Will we be growing forever, flowering seasonally, changing colors? To say we will be

able to finally show each other our wings? But what I found after you left, after I left off,

is that we are no longer live butterflies, but the kind in museums instead, forced to reveal

our broken, faded, weathered, dead glory for the appreciation of others. Immobile,

because it hurts too much to live a life which is fleeting, solitary, and painfully

individual. A glimpse of red-white-black wings, and you were gone forever. There will

be so many others of all colors, just as pretty and majestic, but it’s not about who you

were. It’s about who I was. Standing in the garden of my youth, chasing you relentlessly,

the first one I ever saw. I was young enough, I still believed I could catch you.

(home in three weeks, but it won’t be anymore)
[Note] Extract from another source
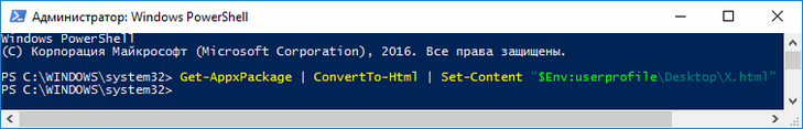 Get-AppxPackage | ConvertTo-Html | Set-Content «$Env:userprofileDesktopX.html»

We are mad, it is what makes us pretty. We are scratching tinfoil from skins. I am

papering the moon with crepe paper. I often think I can hold the moon, standing in a field

with fingers crossed over my eyes.

I breathe to let all the molecules in, to digest the very light, as though all the grime and

salt might somehow cleanse my insides. I need a light source to digest, of skin, sex,

smiles and power, that will hold me forever and muffle my screams, for even this is better

than the hopelessness of freedom. I need to hide in the cavity of a dragon’s tooth,

cocooned in warm womb flesh.

I have shortcomings, and I’m not proud of them, I make no excuses for them, and I desire

to change every one of them. Can NO one else in the universe say that for themselves?

I’m too quick to react. I don’t think before I speak. I don’t listen. I make up my mind and

it’s hard to sway me. If I distrust you – and I distrust almost everyone – it’s a hell of a

task convincing me that you’re ever telling me the truth.
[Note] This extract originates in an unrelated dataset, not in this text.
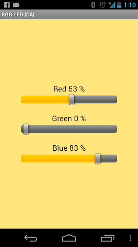 Aplikace Tato možnost ovládá zobrazení 3 barevné anody LED k řízení LED displeje je barva se signálem PWM z desky IOIO-Q pomocí posuvníku Seek Paru 3 pro upravení jasu.barvy LED Light Mix jsou krásné.

I’m self absorbed. I only ever think about myself. I give gifts and compliments and love

propelled by grandiose fantasies of being loved by everyone around me, or at least being

able to love myself, but the central focus of all my giving is my own receiving end.

I’m a hypocrite. I shouldn’t even be writing about my flaws, because I’ve surely

modelled it cunningly, omitting the deepest flaws, embellishing on the easiest ones.
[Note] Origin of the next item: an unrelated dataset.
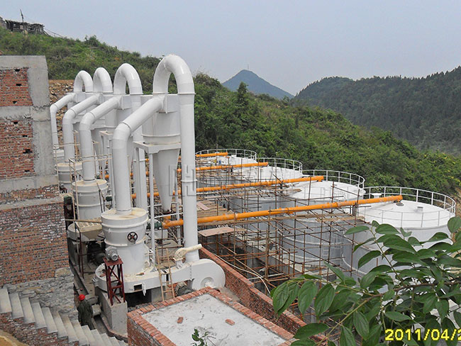 磨碎后的物料通過空心軸頸排出,送入選粉機,經選粉機進行分級,符合細度的物料隨氣流進入料倉,即成品。細度不夠的通過空氣斜槽送入球磨機再進行球磨。在磨機內被磨物料中有含水量,研磨時產生熱量導致磨室內氣體蒸發改變了氣流量,同時由于整機各管道結合處密封不嚴等,外界氣體被吸入,使循環氣流風量增加,為此通過調整風機來達到氣流的平衡,并將多余的氣體導入脈沖除塵器內,把余氣帶入的細粉子收集下來,余氣被凈化后排出。整條磨粉生產線的粉塵排放均達到環保要求。

And anyone who stayed did so because it was the easy option at the time, the best option

at the time. They use you up while there’s no one else around to make better use of, talk

to you because it’s easier than conflict. But I fight, I don’t flight. I would, if you would

just give me something worth fighting for.

Everything you do is a (fucking waste of time)

Where

She called me brave, it instilled a curious feeling that reminded me of childhood. How

brave of you to walk down the street alone! No one else could admire me and demean me

so simultaneously. I loved her for that.